Changes in planet Earth's orbit seem to be considered seriously by science theories.
What were the causes of these orbital variations?
Have the occurred more recent than theory suggests? Perhaps even being witnessed and described by previous cultures all around the world?
What we showed is that even under natural conditions, it can become much drier than predicted by any of our models ... About halfway down they found salty layers some 300 feet thick, indicating a long-term drop below the sea's current level. This came in a period between ice ages, 115,000 to 130,000 years ago, when variations in Earth's orbit brought temperatures about 4 degrees hotter those of the 20th century equivalent to what is projected for the end of the 21st century.
Under the Dead Sea, warnings of dire drought | Science Daily
Combining the Nice Model, Milankovitch Cycles, Jumping Jupiters, the only thing that seems certain is planet Earth and other worlds in our solar system have not have long term steady orbits.
Periodic changes in the "roundness" of Earth's orbit varies in cycles of 100,000 to 400,000 years. This affects how important "timing of the perihelion" is to the strength of the seasons. The growth and retreat of ice sheets are thought to be controlled by the combination of:
- the tilt cycle which takes 41,000 years from onset to completion
- the year precession cycle which is 26,000 years
- the perhaps smaller effect of Earth's orbit eccentricities (non-circular and elliptical) cycle which can take 100,000 to 400,000 years for completion
Effects to life on Earth with orbital variations
What would happen to the various lifeforms and living environments on our globe if there was a more significant and quicker than usual variation in Earth's orbit?

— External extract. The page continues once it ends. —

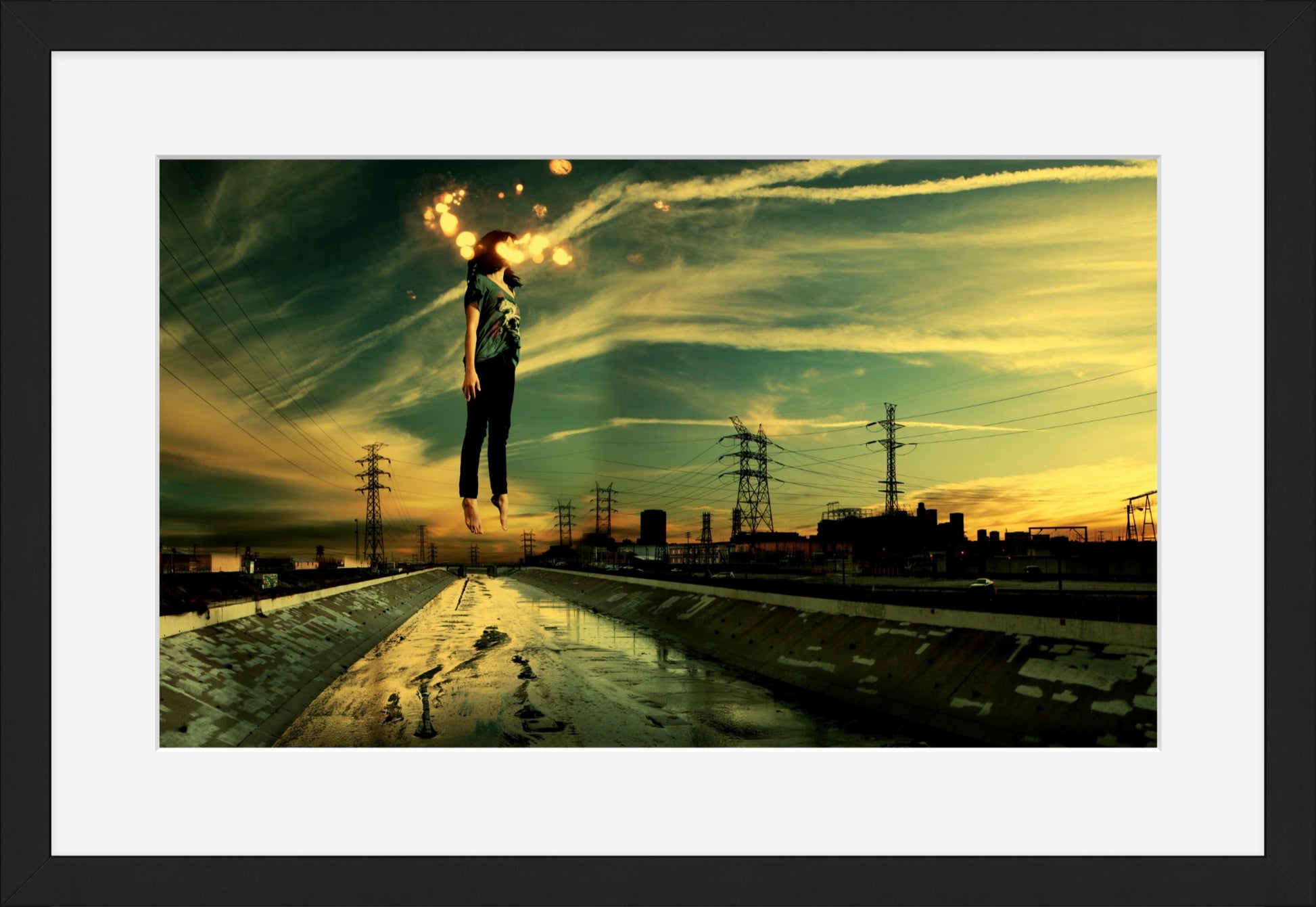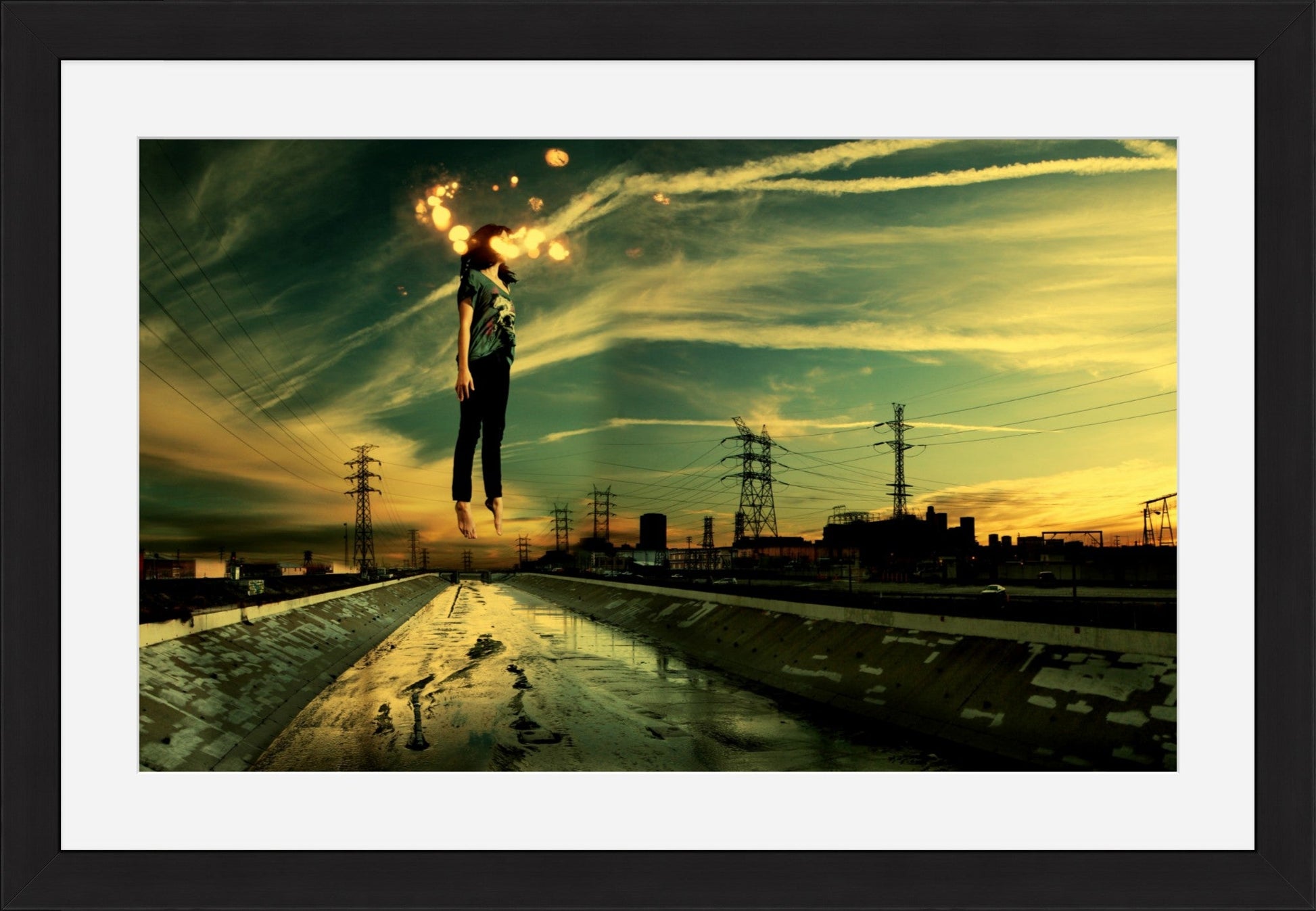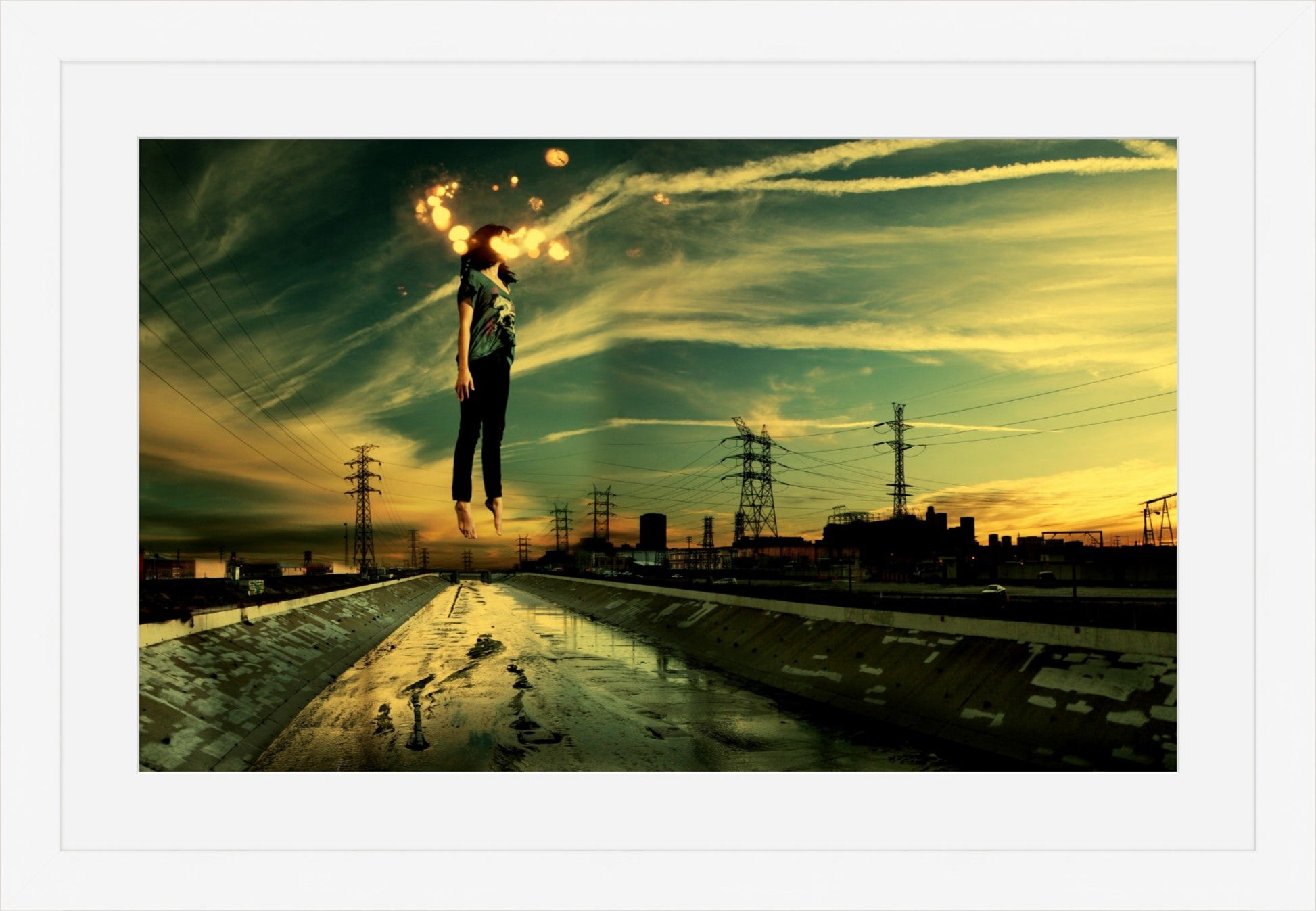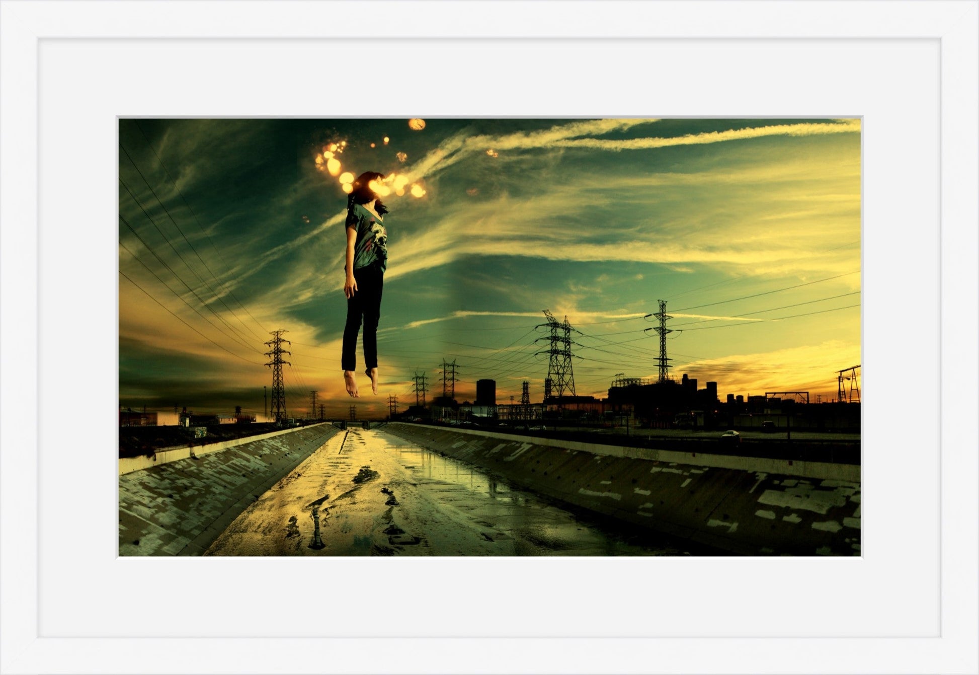 "Light Theory #1" is a digital collage featuring a woman floating above the LA River skyline at sunset. Set against a backdrop of green and yellow tones, the image is layered with cloud streaks and sparks of light. It captures a sense of weightlessness and freedom, exploring the space where reality and imagination meet.

Changes in orbital eccentricity affect the Earth-sun distance. Currently, a difference of only 3 percent (5 million kilometers) exists between closest approach (perihelion), which occurs on or about January 3, and furthest departure (aphelion), which occurs on or about July 4. This difference in distance amounts to about a 6 percent increase in incoming solar radiation (insolation) from July to January. The shape of the Earth’s orbit changes from being elliptical (high eccentricity) to being nearly circular (low eccentricity) in a cycle that takes between 90,000 and 100,000 years. When the orbit is highly elliptical, the amount of insolation received at perihelion would be on the order of 20 to 30 percent greater than at aphelion, resulting in a substantially different climate from what we experience today.